Hougang United
- Full name: Hougang United Football Club
- Nickname: The Cheetahs
- Short name: HGU
- Founded: 1988; 38 years ago as Marine Castle United 2011; 15 years ago as Hougang United
- Ground: Hougang Stadium
- Capacity: 3,800
- Chairman: Bill Ng
- Head coach: Akbar Nawas
- League: Singapore Premier League
- 2025–26: Singapore Premier League, 6th of 9
- Website: www.hgfc.com.sg
| Home colours | Away colours |

= Hougang United FC =

Singaporean football club

Hougang United Football Club is a professional football club based in Hougang, Singapore. The club competes in the Singapore Premier League, the top tier of Singaporean football.

Founded in 1998 as Marine Castle United, the club changed its name to Hougang United in 2011. Nicknamed the Cheetahs, Hougang United has played its home games at Hougang Stadium since its formation.

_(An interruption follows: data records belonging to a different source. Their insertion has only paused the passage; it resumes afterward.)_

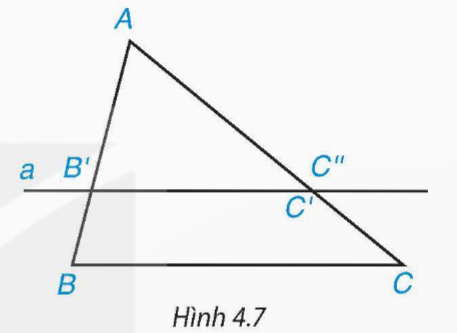 Cho ∆ ABC có AB = 6 cm, AC = 9 cm. Trên cạnh AB lấy điểm B', trên cạnh AC lấy điểm C' sao cho AB' = 4 cm, AC' = 6 cm (H.4.7).
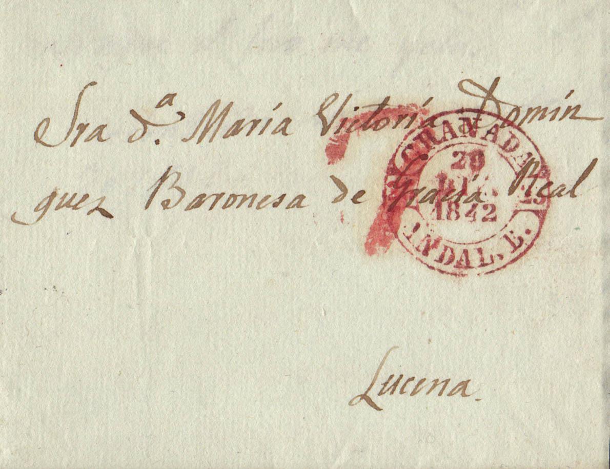 1842. GRANADA a LUCENA (CORDOBA). Baeza GRANADA / 20-DIC-1842 / ANDAL. B. MAGNIFICA ESTAMPACION, UNA DE LAS PRIMERAS FECHAS DE USO DEL FECHADOR BAEZA EN GRANADA.
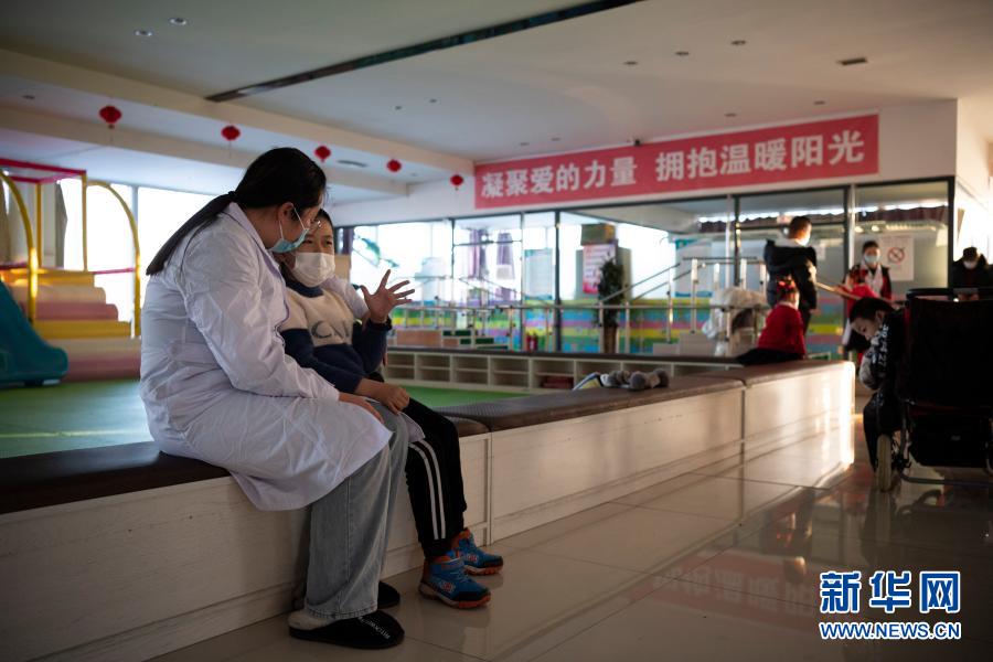 在哈爾濱博能中醫(yī)門診部,劉雨晴(左)和腦癱兒童交談(2月2日攝)。
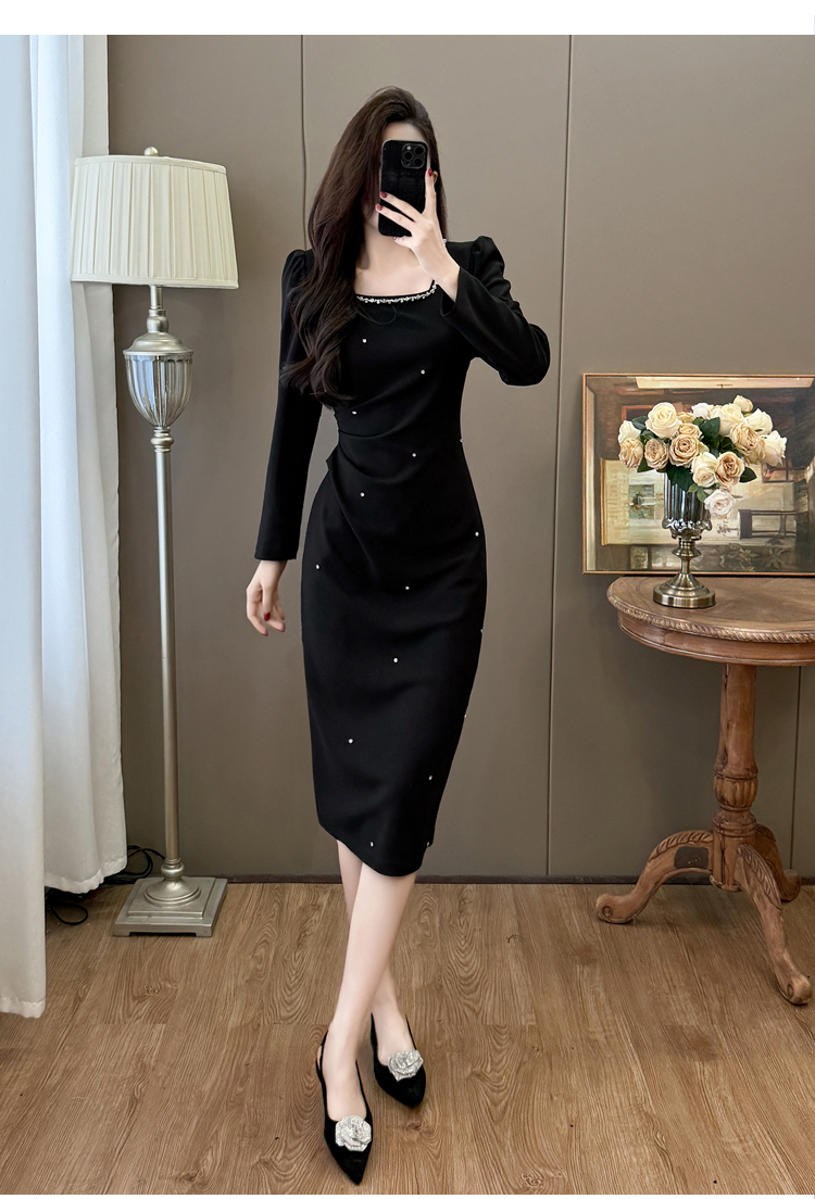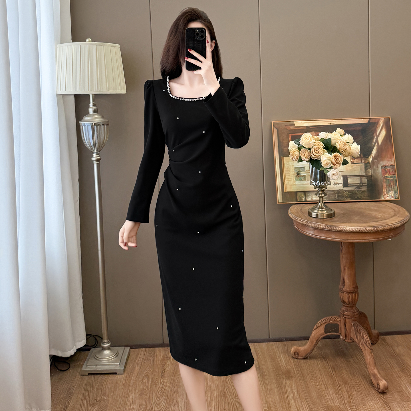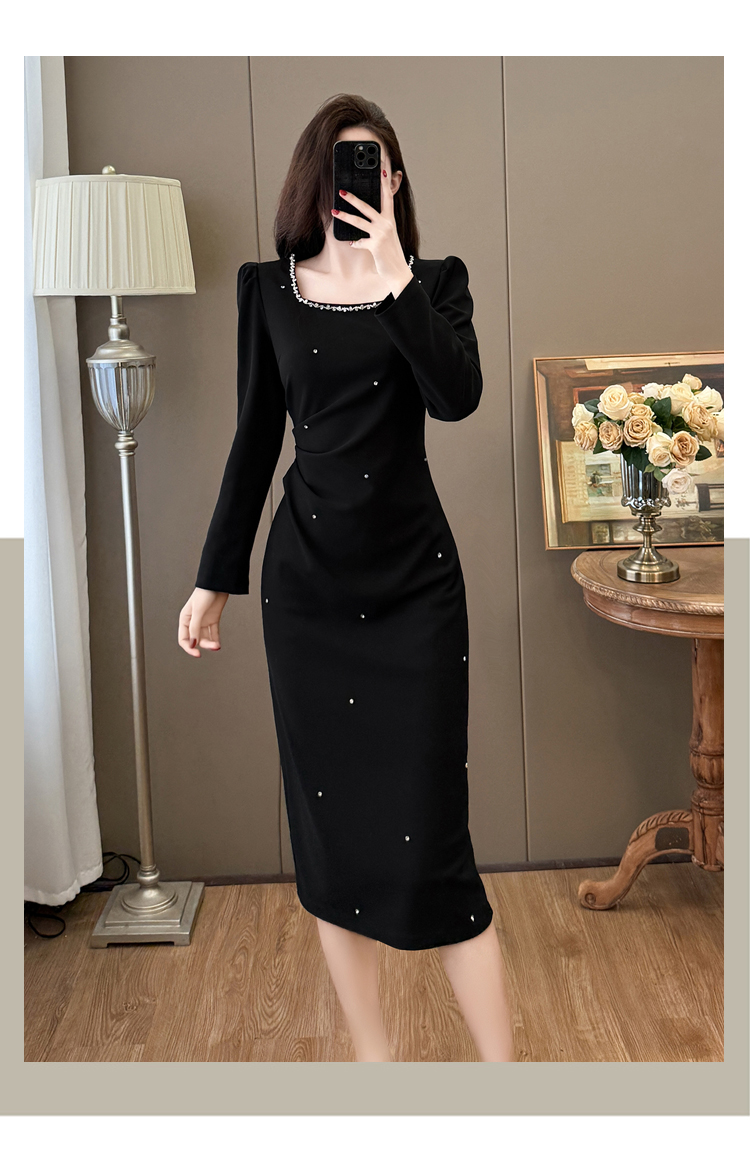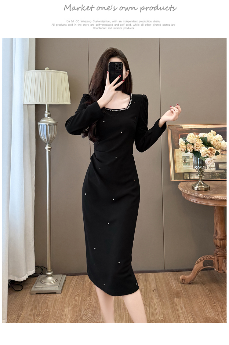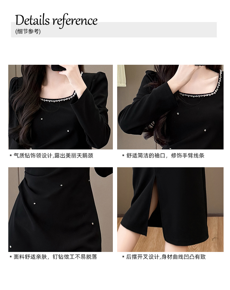 MY15076# 钉钻方领赫本风重工气质高级感轻奢名媛风大码连衣裙女裝貨源服裝批發
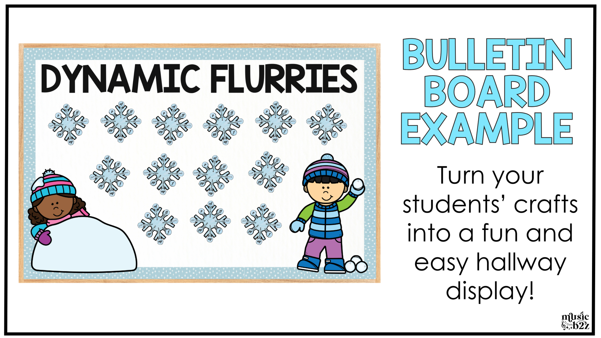 - Display finished crafts together to create a coordinated winter music bulletin board
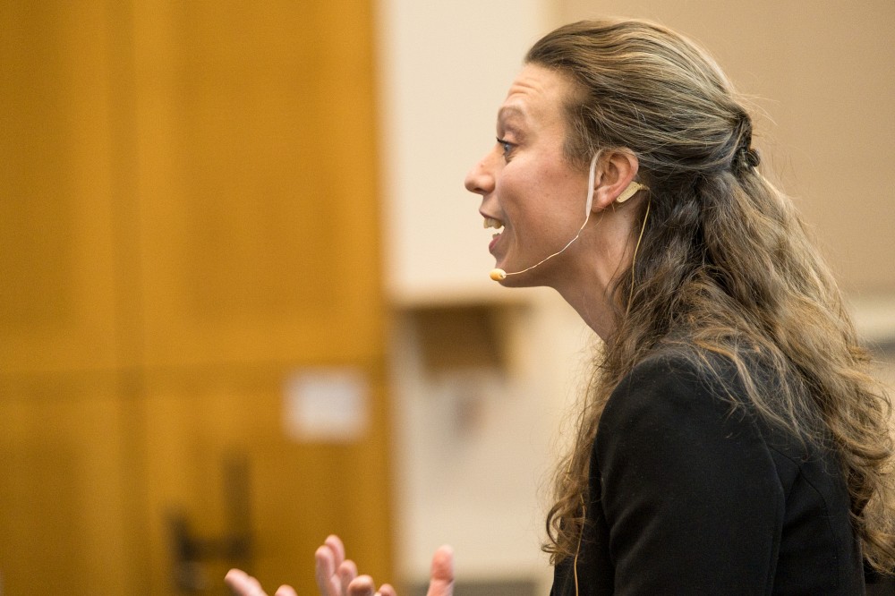 Accompagnée de son poupon et de son conjoint, Andréane Le May, étudiante à l’École de musique, a été sélectionnée par les membres du jury pour représenter l’UdeS le 30 mars à Montréal, à l’occasion de la finale nationale. À partir de l’expression « accorder ses violons », l’étudiante a abordé l’écoute, le débat et l’harmonie.

Throughout the club history, they have won 1 Singapore Cup in the 2022 season.

==History==

=== Beginning and breakthrough (1988–2001) ===
The club was founded as Marine Castle United Football Club in 1988 as a National Football League team which was formed by Newcastle United fans in the Marine Parade area. The club was nicknamed the Dolphins.

==== Becoming a professional club ====
In 1998, Marine Castle United managed to enter the S.League signing both foreigners players, Scott O'Donell and Bernard Aryee in their debut season in the professional league. However, the club struggled in its early foray, finishing in the bottom two for the next four seasons. The club's chairman during the time was Dilwant Singh.

=== As Sengkang Marine (2002–2004) ===
Marine Castle United then changed its name to Sengkang Marine Football Club in 2002. Sengkang Marine went on to finish in 8th position consecutively, its highest-ever finish. Financial difficulties forced Sengkang Marine out of the S.League in 2004.

=== Different identity as Paya Lebar-Punggol (2005) ===
In the 2005 season, Paya Lebar-Punggol was formed to replace Sinchi FC in the league. The club then went on to sign Kenan Ragipović, Moudourou Moise, Protais Bessala and Bae Jin-soo as the club foreign players for the season. However, the club finished the season at the bottom of the league with four points.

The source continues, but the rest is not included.